We received bad news the following morning. It takes a day to clear a patient to fly. The thought of another twenty four hours in the hospital was excruciating. Ben's leg needed to be seen too, there was no denying that the infection appeared to be spreading and he was weakening. I called the British Embassy but there wasn't anything they could do to speed it up.

We got through the day one way or another, Pathana came to see us a couple of times and sent her assistant to bring us food. Although the young couple in the room couldn't speak much English, we all shared food and bonded over our situation. From watching this couple, it became clear that in Laos the family members were to do the nursing. The nurses didn't appear to be trained correctly as they didn't seem to know how to put the I.V. in Ben's hand. The young guy in the room with us thankfully was a student doctor, so when the nurses came in, the guy would shout over instructions as to how to put the I.V. (which kept falling out) back in Ben's hand.

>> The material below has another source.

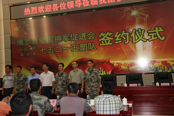 期間,縣愛國擁軍促進會與75215部隊簽約,結(jié)成“友好連隊”,縣愛國擁軍促進會所屬13家企業(yè)與75215部隊所屬25個分隊簽定合約,結(jié)為友好共建單位。羅浮山水泥集團與75215部隊70分隊(工兵連)結(jié)為友好共建單位,并當場為工兵連捐款1萬元建籃球場。

Even amongst the despair, there were many touching moments. Like when a young girl (also a patient of the hospital) spotted Ben and excitedly asked her mum to wheel her in. She had been learning English for several months (and spoke very well) and had never met a westerner before. When Ben told her he was an English teacher, she nearly passed out with excitement. It was as though she had met a rockstar.

Pathana's assistant (who couldn't speak English) dropped in and asked me to come to reception with him. He had brought another hotel guest along with him who appeared very confused. Eventually, we figured out the problem. The lady, also British, had been bitten by a cat. She had asked the guy to bring her to the hospital so she could get a rabies injection. She told me he had first brought her to a vet. I didn't know what I was supposed to do about this, but eventually I realised he wanted me to phone Sirirat - the only fluent English speaking doctor there.

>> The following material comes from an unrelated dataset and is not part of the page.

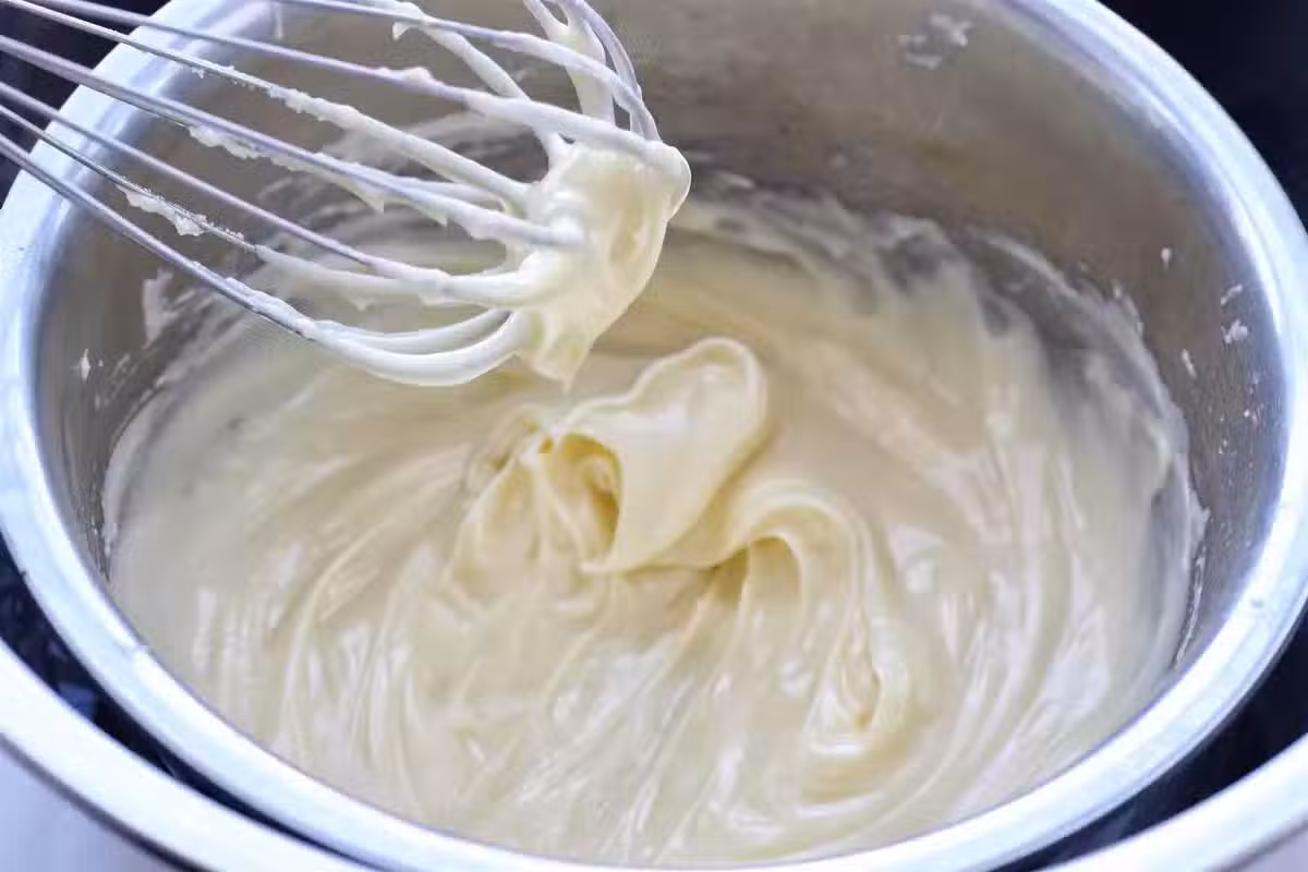 3.淡奶油分三次加到奶油乳酪中,每加一次都要充分攪拌均勻後再加入下一次的。

Although I was beside myself with worry about Ben's condition, he seemed strong. We both believed everything would be okay when we got to Bangkok. Sirirat did show concern, the day before we flew to Bangkok she told me that Ben had developed symptoms of septicaemia, however she ensured me that he would be treated immediately once we got to Thailand. Another doctor told me they would probably remove Ben's leg. I tried to ignore this.. We had to hold on to our hopes of Bangkok, it was all we could do to get us through the long hours of waiting.